Abstract
Advances in DNA sequencing and informatics have revolutionised biology over the past four decades, but technological limitations have left many applications unexplored1,2. Recently, portable single molecule, real-time (SMRT) technologies have become available. These offer opportunities to rapidly collect and analyse genomic data anywhere3–5. However, the generation of datasets from large, complex genomes has been constrained to laboratories6,7. The portability and long DNA sequences of SMRT offer great potential for field-based species identification, but the feasibility and accuracy of these technologies for this purpose have not been assessed. Here, we show that a field-based SMRT analysis of closely-related plant species (Arabidopsis spp.)8 has many advantages over laboratory-based high-throughput sequencing (HTS) methods for species level identification-by-sequencing and de novo phylogenomics. Samples were collected and sequenced in a single day by SMRT using a portable, “al fresco” laboratory. Our analyses demonstrate that correctly identifying unknown reads from matches to a reference database with SMRT reads enables rapid and confident species identification.
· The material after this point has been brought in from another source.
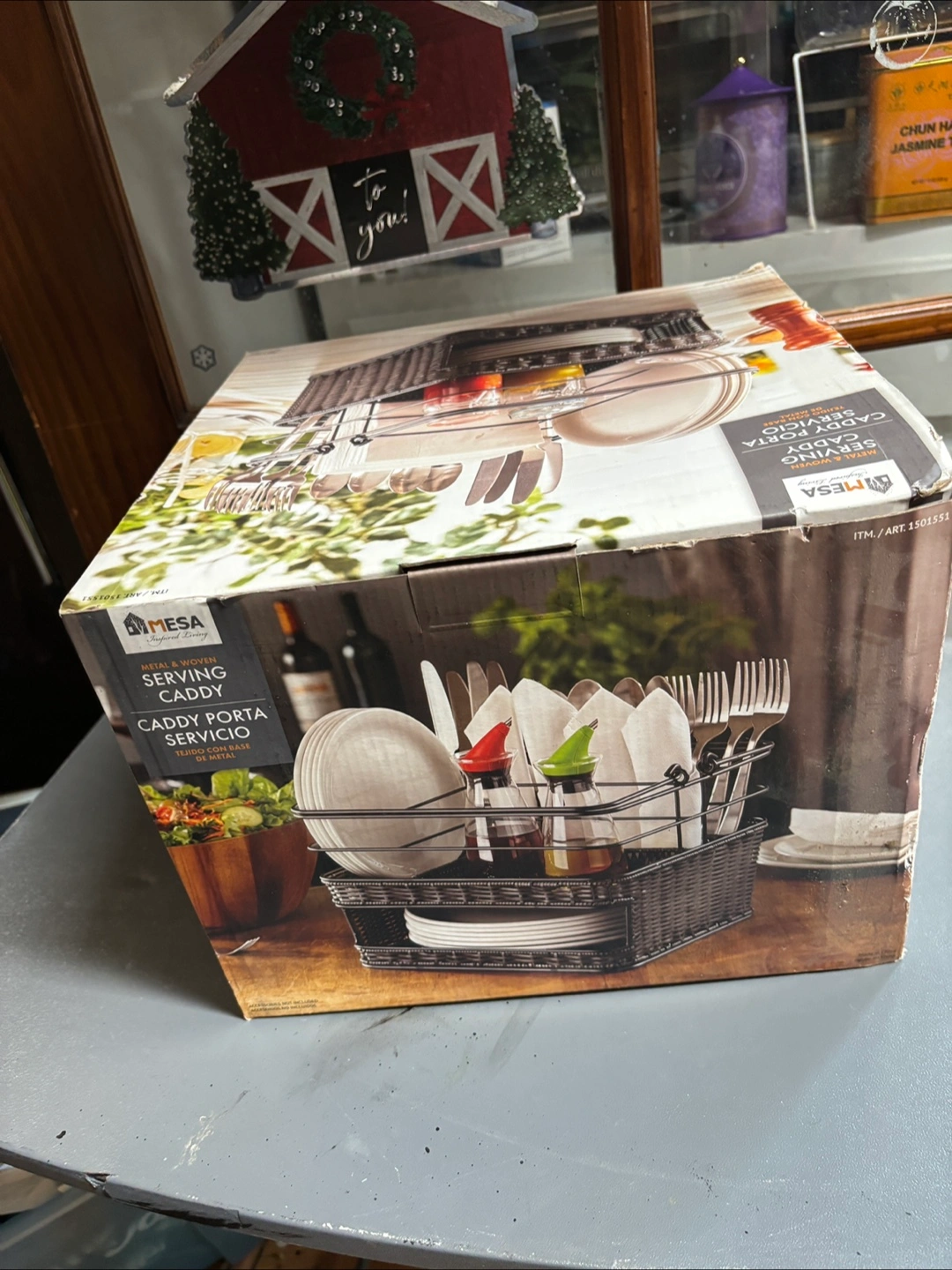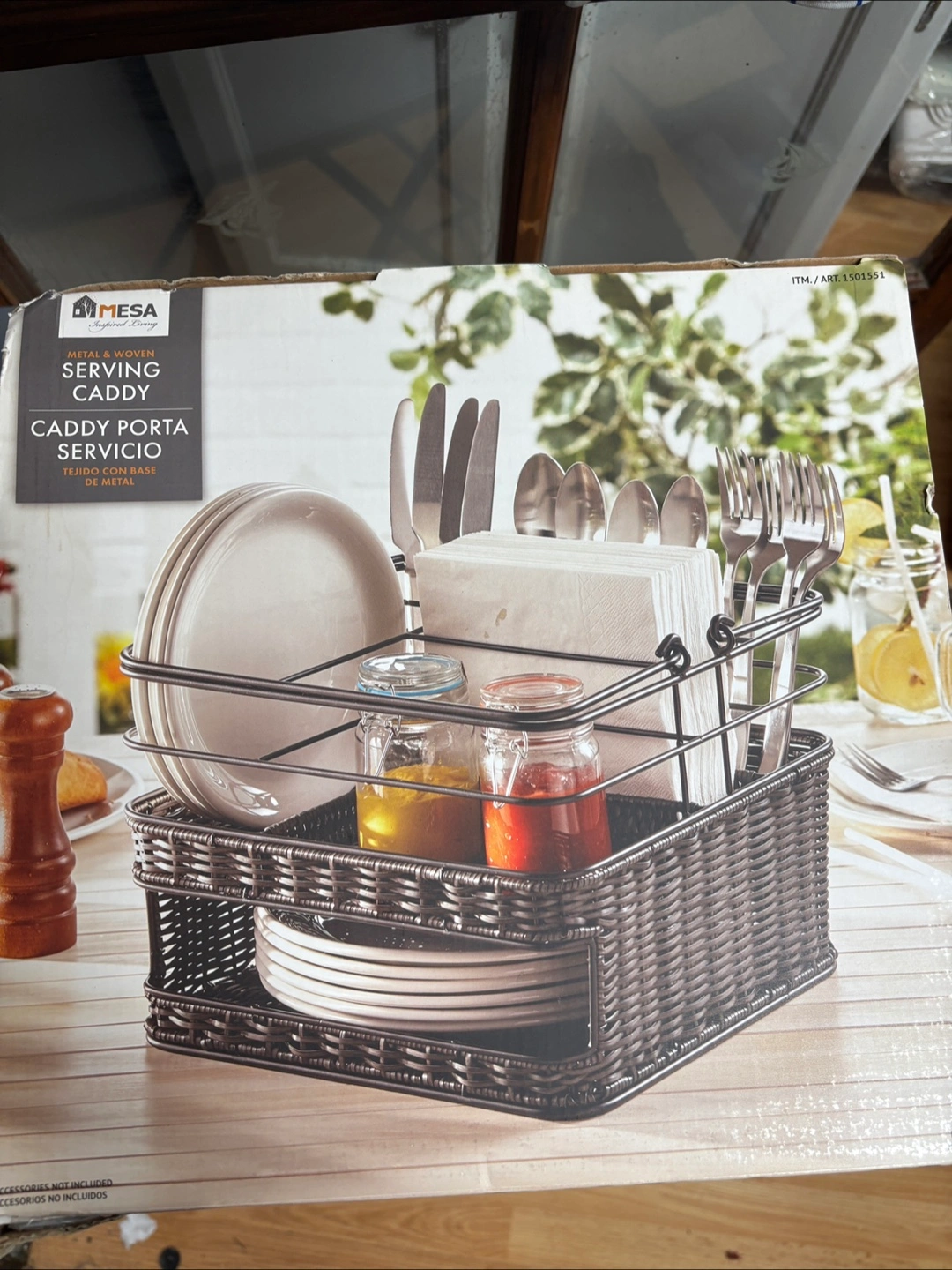 Selling a Mesa serving caddy. It's perfect for organizing your plates, cutlery, and napkins for any gathering. The caddy comes with a base for added stability and convenience. It's a stylish and functional addition to your dining setup

Individually annotated SMRT reads can be used to infer the evolutionary relationships of A. thaliana. Furthermore, hybrid genome assembly with SMRT and HTS reads substantially improved upon a genome assembled from HTS reads alone. Field-based SMRT makes real-time, rapid specimen identification and genome wide analyses possible. These technological advances are set to revolutionise research in the biological sciences9 and have broad implications for conservation, taxonomy, border agencies and citizen science.
Introduction
DNA sequencing used to be a slow undertaking, but the past decade has seen an explosion in HTS methods2,10. DNA barcoding (i.e., the use of a few, short DNA sequences to identify organisms) has benefited from this sequencing revolution11,12, but has never become fully portable. Samples must be returned to a laboratory for testing and the discrimination of closely related species using few genes can be problematic due to evolutionary phenomena (e.g. lineage sorting, shared polymorphism and hybridisation)10. While typical barcoding approaches have been effective for generic level identification, accuracy is much more limited at the species level11,13 and concerns remain14. Species delimitation using limited sequencing information has also been problematic and is thought to heavily underestimate species diversity11,15. Consequently, increasingly elaborate analytical methods have been spawned to mitigate the inherent limitations of short sequences13,16. The Oxford Nanopore Technologies® MinION® is one of a new generation of SMRT DNA sequencers that is small enough to be portable for fieldwork and produces data within minutes17,18. These properties suggest species identification could be conducted using genome scale data generated at the point of sample collection. Furthermore, the large number of long reads generated17 may provide more accurate species-level identification than current approaches. This application offers great potential for conservation, environmental biology, evolutionary biology and combating wildlife crime, however, this potentially exciting combination of methods has not yet been tested in the field for eukaryotes.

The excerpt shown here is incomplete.